COLLECTED MATERIAL
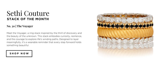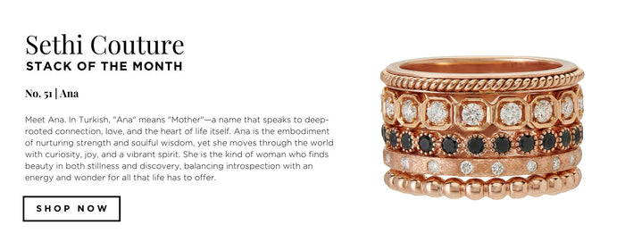 Meet Ziya, a vibrant ring stack of rose-cut and princess-cut diamonds set in warm yellow gold. With its intricate shapes and lively details, Ziya embodies enthusiasm, joy, and celebration, sparkling like a glass of bubbly, full of effervescence and charm. Its radiant design captures the spirit of festivity, making it the perfect accessory for the holiday season or any moment that calls for glamour and cheer.
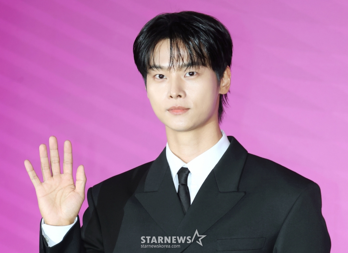 Actor Cha Hak-yeon poses at the production presentation of the Coupang Play series "The Absolute Value of Romance" held at The St. in Guro-gu, Seoul on the morning of the 14th. /2026.04.14
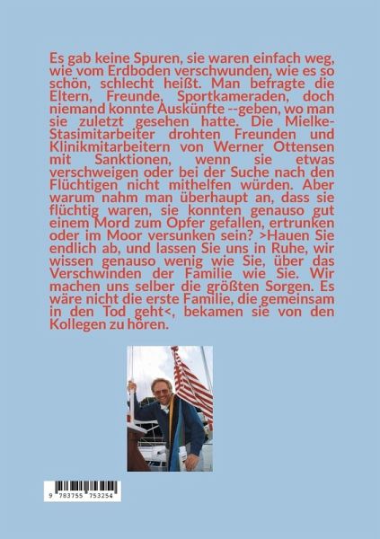 Es gab keine Spuren, sie waren einfach weg, wie vom Erdboden verschwunden, wie es so schön, schlecht heißt. Man befragte die Eltern, Freunde, Sportkameraden, doch niemand konnte Auskünfte --geben, wo man sie zuletzt gesehen hatte. Die Mielke-Stasimitarbeiter drohten Freunden und Klinikmitarbeitern von Werner Ottensen mit Sanktionen, wenn sie etwas verschweigen oder bei der Suche nach den Flüchtigen nicht mithelfen würden. Aber warum nahm man überhaupt an, dass sie flüchtig waren, sie konnten genauso gut einem Mord zum Opfer gefallen, ertrunken oder im Moor versunken sein? >Hauen Sie endlich ab, und lassen Sie uns in Ruhe, wir wissen genauso wenig wie Sie, über das Verschwinden der Familie wie Sie. Wir machen uns selber die größten Sorgen. Es wäre nicht die erste Familie, die gemeinsam in den Tod geht<, bekamen sie von den Kollegen zu hören.

WHAT IS REQUIRED
Keeping every word as it is, write out all the data and omit the pictures.

RESPONSE
 Meet Ziya, a vibrant ring stack of rose-cut and princess-cut diamonds set in warm yellow gold. With its intricate shapes and lively details, Ziya embodies enthusiasm, joy, and celebration, sparkling like a glass of bubbly, full of effervescence and charm. Its radiant design captures the spirit of festivity, making it the perfect accessory for the holiday season or any moment that calls for glamour and cheer.
 Actor Cha Hak-yeon poses at the production presentation of the Coupang Play series "The Absolute Value of Romance" held at The St. in Guro-gu, Seoul on the morning of the 14th. /2026.04.14
 Es gab keine Spuren, sie waren einfach weg, wie vom Erdboden verschwunden, wie es so schön, schlecht heißt. Man befragte die Eltern, Freunde, Sportkameraden, doch niemand konnte Auskünfte --geben, wo man sie zuletzt gesehen hatte. Die Mielke-Stasimitarbeiter drohten Freunden und Klinikmitarbeitern von Werner Ottensen mit Sanktionen, wenn sie etwas verschweigen oder bei der Suche nach den Flüchtigen nicht mithelfen würden. Aber warum nahm man überhaupt an, dass sie flüchtig waren, sie konnten genauso gut einem Mord zum Opfer gefallen, ertrunken oder im Moor versunken sein? >Hauen Sie endlich ab, und lassen Sie uns in Ruhe, wir wissen genauso wenig wie Sie, über das Verschwinden der Familie wie Sie. Wir machen uns selber die größten Sorgen. Es wäre nicht die erste Familie, die gemeinsam in den Tod geht<, bekamen sie von den Kollegen zu hören.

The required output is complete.